With this choice of the zero level, the potential energy ER body at height h above the Earth's surface is equal to the product of mass m bodies to the free fall acceleration module g and distance h it from the surface of the Earth:

Ep = m∙g∙h. (10)

Physical meaning potential energy of interaction of a body with the Earth:

the potential energy of a body on which gravity acts is equal to the work done by gravity when moving the body to the zero level.

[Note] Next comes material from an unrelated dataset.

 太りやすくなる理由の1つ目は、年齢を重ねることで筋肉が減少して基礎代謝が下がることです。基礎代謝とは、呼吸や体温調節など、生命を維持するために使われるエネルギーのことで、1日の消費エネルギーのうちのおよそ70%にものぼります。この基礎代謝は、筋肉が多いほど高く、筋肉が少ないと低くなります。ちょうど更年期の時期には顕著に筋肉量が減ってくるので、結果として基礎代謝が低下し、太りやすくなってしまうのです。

Unlike the kinetic energy of translational motion, which can only have positive values, the potential energy of a body can be both positive and negative. Body mass m, located at a height h, Where h 0 ( h 0 – zero height), has negative potential energy:

Ep = –m∙gh

Potential energy of gravitational interaction

Potential energy of gravitational interaction of a system of two material points with masses T And M, located at a distance r one from the other is equal

(11)

Where G is the gravitational constant, and the zero of the potential energy reference ( Ep= 0) accepted at r = ∞. Potential energy of gravitational interaction of a body with mass T with the Earth, where h– height of the body above the Earth’s surface, M 3 – mass of the Earth, R 3 is the radius of the Earth, and the zero of the potential energy reading is chosen at h= 0.

(12)

Under the same condition of choosing zero reference, the potential energy of gravitational interaction of a body with mass T with Earth for low altitudes h(h« R 3) equal to

Ep = m∙g∙h,

where is the magnitude of the acceleration due to gravity near the Earth's surface.

Potential energy of an elastically deformed body

Let us calculate the work done by the elastic force when the deformation (elongation) of the spring changes from a certain initial value x 1 to final value x 2 (Fig. 4, b, c).

The elastic force changes as the spring deforms. To find the work of the elastic force, you can take the average value of the force modulus (since the elastic force depends linearly on x) and multiply by the displacement module:

Where From here

(14)

A physical quantity equal to half the product of the rigidity of a body by the square of its deformation is calledpotential energy elastically deformed body:

From formulas (14) and (15) it follows that the work of the elastic force is equal to the change in the potential energy of an elastically deformed body, taken with the opposite sign:

A = –(ER 2 – ER 1). (16)

If x 2 = 0 and x 1 = x, then, as can be seen from formulas (14) and (15),

ER = A.

Then physical meaning potential energy of a deformed body

the potential energy of an elastically deformed body is equal to the work done by the elastic force when the body transitions to a state in which the deformation is zero.